Qu'est-ce
qu'être auteur ? Qu'est-ce qu'être lecteur ?
Comment
auteur et lecteur se rencontrent-ils ?
François
Bégaudeau est l'auteur de huit fictions. La plus connue est Entre
les murs (prix France Culture-Télérama 2006, adapté au cinéma
par Laurent Cantet). La dernière s'intitule La politesse.
Le
narrateur y relate de l'intérieur, de façon désabusée, la vie
d'auteur : mal payé, pas vraiment lu et
sans cesse contraint d'être en représentation, cherchant les meilleures stratégies pour essayer de doper les ventes de ses livres.

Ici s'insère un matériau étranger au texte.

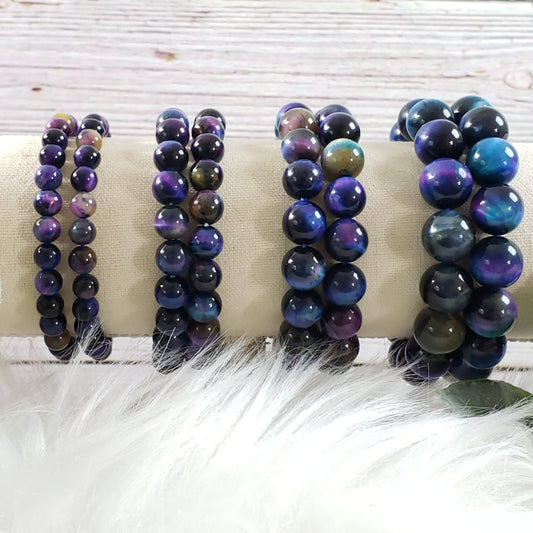 Aura Tiger Eye Bracelet, various size beads
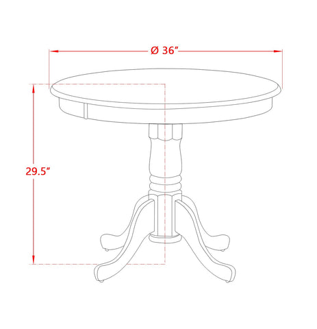 • Table Dimensions: Length: 36; Width: 36; Height: 30.
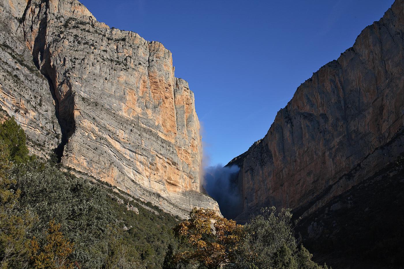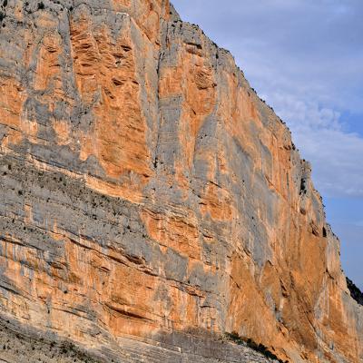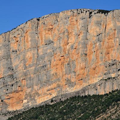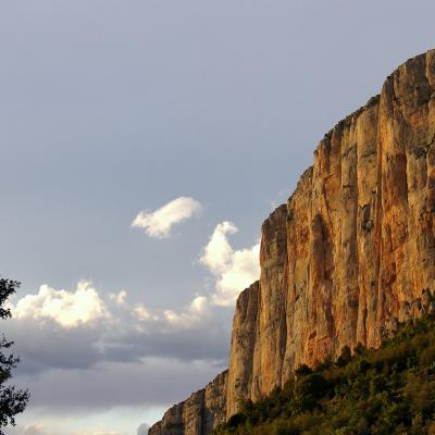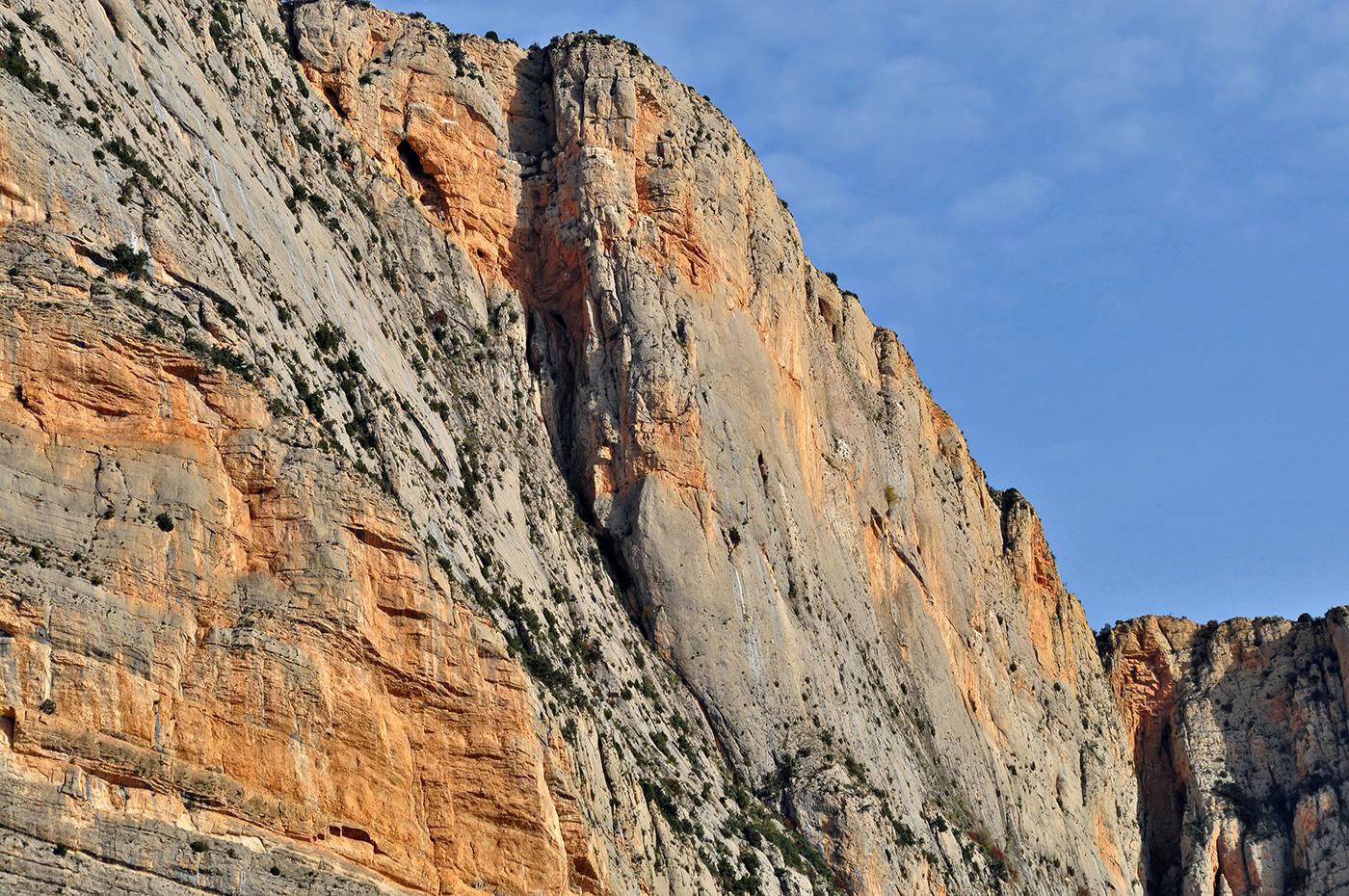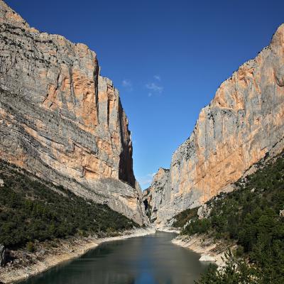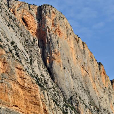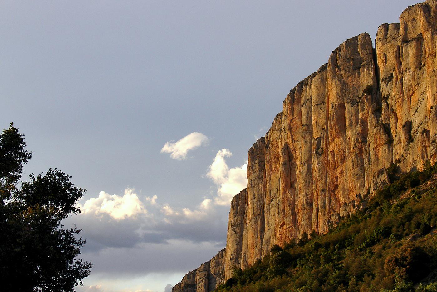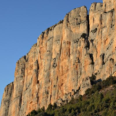 Les parois de Montrebey se trouvent à la frontière de l'Aragon et de la Catalogne, divisées par la Noguera Ribagorzana et le lac de Canelles dans lequel elles plongent. Ce sont les murailles les plus hautes de ces deux régions, jusqu'à plus de 500 mètres. Terre confidentielle et de liberté pendant longtemps pour les grimpeurs, les têtes pensantes de la Fundació Catalunya-La Pedrera, sous prétexte d'en préserver l'espace, en ont fait peu à peu depuis une quinzaine d'années une sorte de Luna Park du plein air, engendrant une sur-fréquentation notoire (200 000 personnes en 2019), engendrant elle-même des problèmes de pollution... justifiant ainsi la mise en place de parkings payants afin de subvenir aux frais de nettoyage du site. Le tour de passe-passe du tourisme moderne était joué, au grand dépit des grimpeurs devenus persona non grata même si l'escalade n'y est pas encore totalement interdite. Les parois demeurent et je vous en propose quelques clichés.
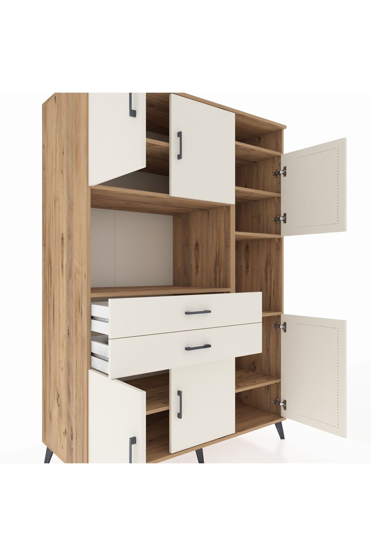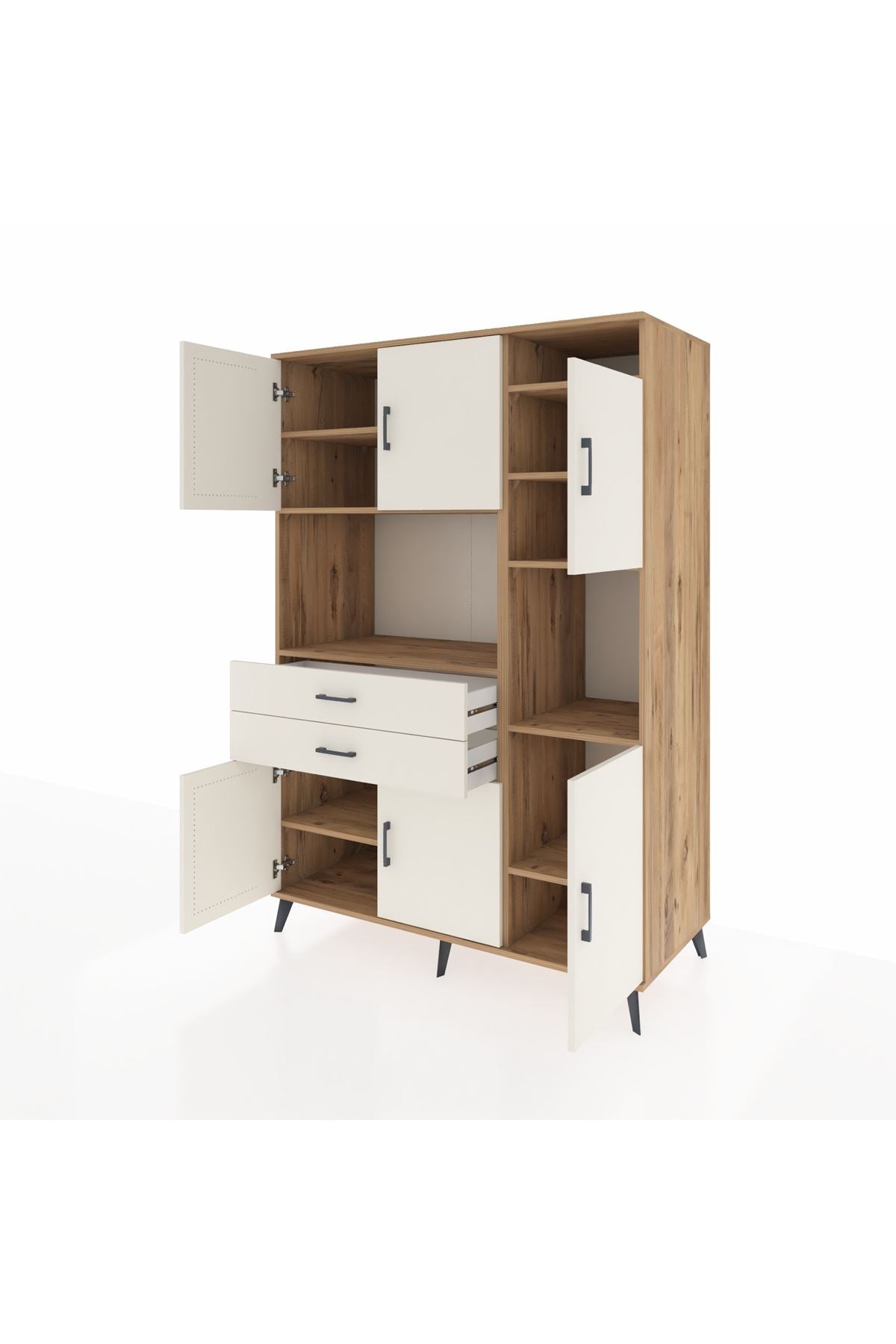 🪑 Kronos Dolap 9 Raflı 2 Çekmeceli 6 Kapaklı – 132x59x195 CM – Çam-Aytaşı/Aytaşı Renkleriyle Fark Yaratıyor!
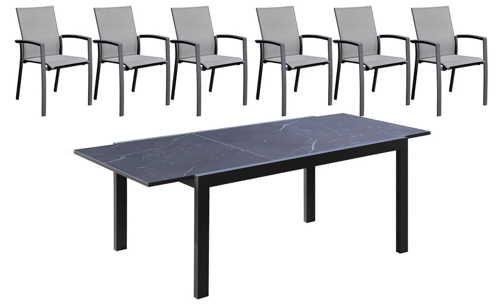 Ensemble de table extensible et 6 chaises de jardin en aluminium anthracite et textilène
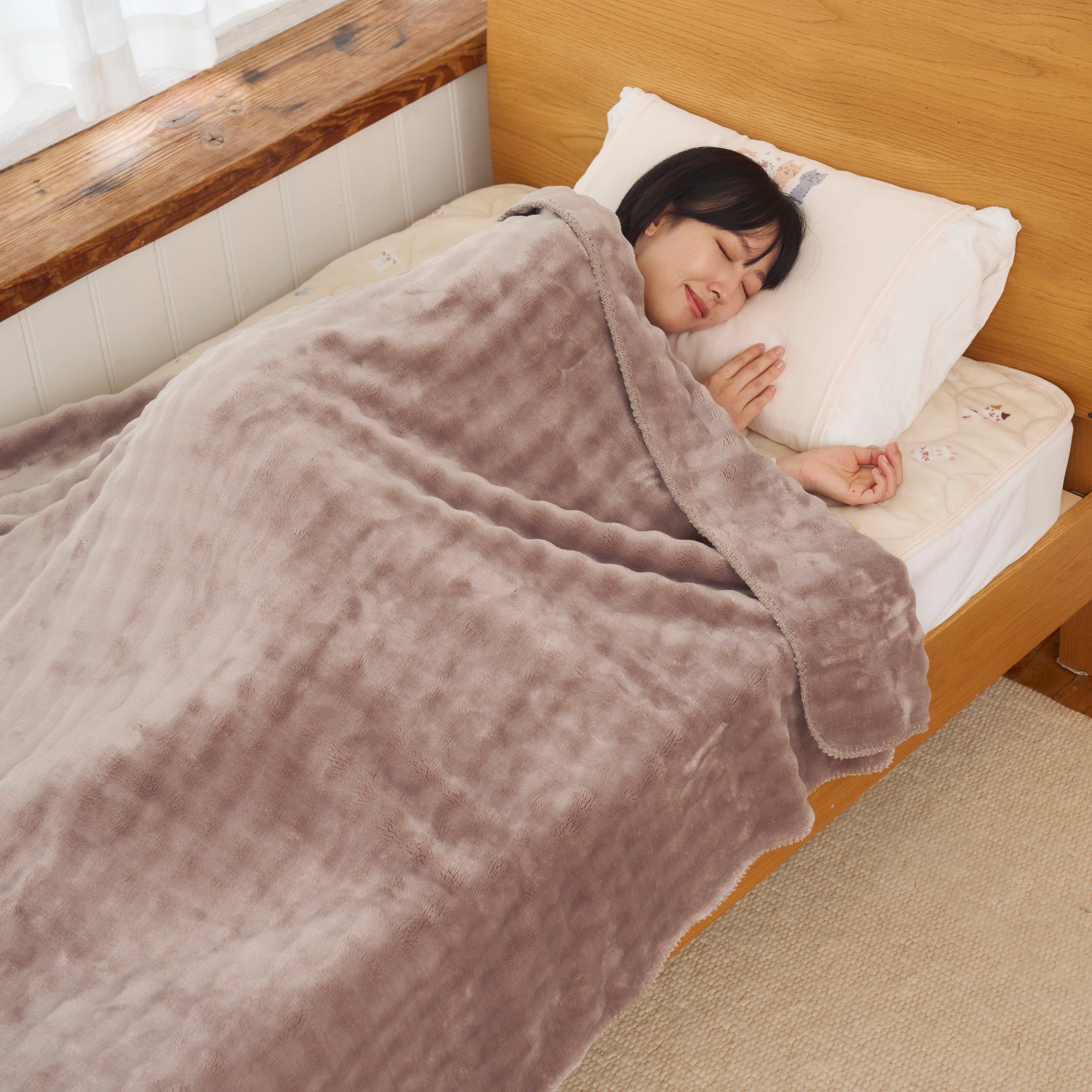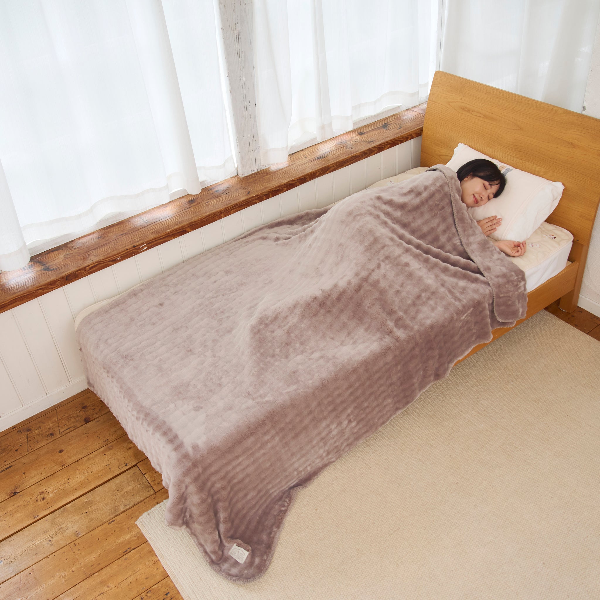 毛布にも使える大判サイズ。冬のお布団と組み合わせても重くならずあったかぽかぽか。
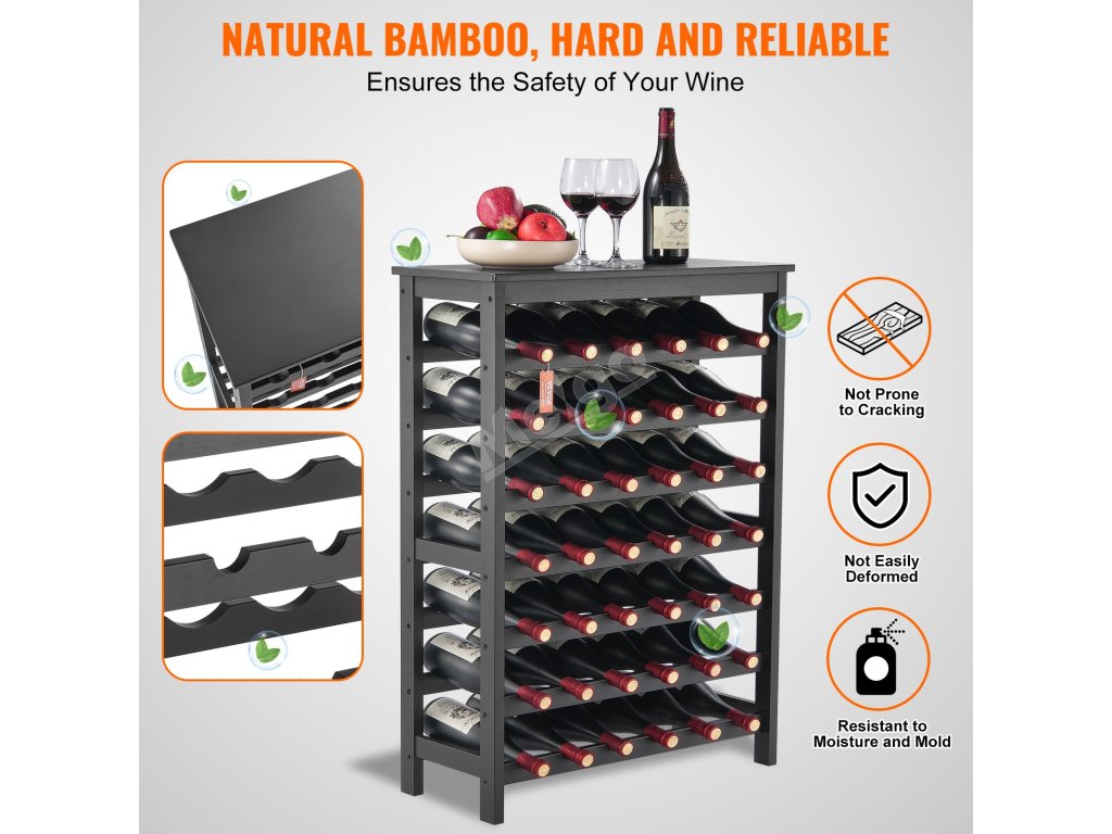 Tento stojan na víno je vyroben z prvotřídního bambusu, je hladký a odolný proti praskání. Bambusový rám je zajištěn šrouby, které poskytují dokonalou oporu lahvím vína, aniž by se kývaly. Na horní polici lze umístit sklenice na víno, tvarované láhve nebo ozdoby.
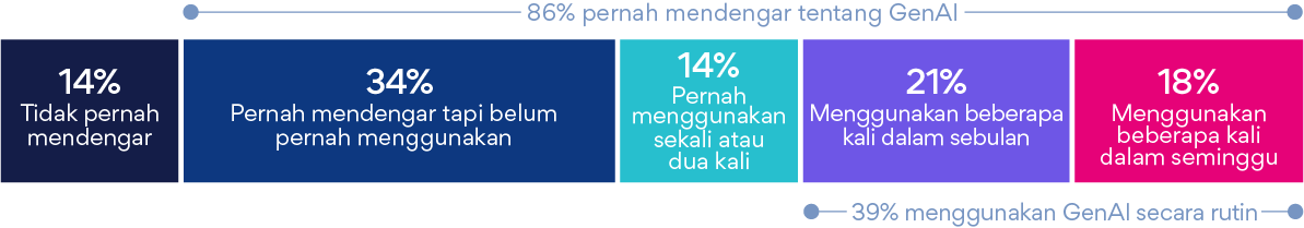 Sebagian besar pekerja (86%) mengatakan bahwa mereka pernah mendengar tentang GenAI.

sans cesse contraint d'être en représentation, cherchant les meilleures stratégies pour essayer de doper les ventes de ses livres.
« La
ruse c'est d'envoyer une partie du service de presse aux bloggeurs
littéraires. Ils sont tellement flattés qu'ils font toujours une
critique positive. »
Ou
observant avec acuité les participants à un salon du livre :
« Des
queues s'allongent devant les auteurs à succès. Celle de Michel
Drucker et plus longue que celle de Jean Teulé. Les organisateurs du
Salon songent à rapatrier la manifestation au Grand Palais, la
location du Parc est chaque année plus chère et l'affluence en
baisse. Déjà on a soustrait deux jours. Bientôt les livres seront
fabriqués en peau de chagrin, dit un poète en clôture du débat Du
parchemin à Facebook : le sens de l'Histoire ?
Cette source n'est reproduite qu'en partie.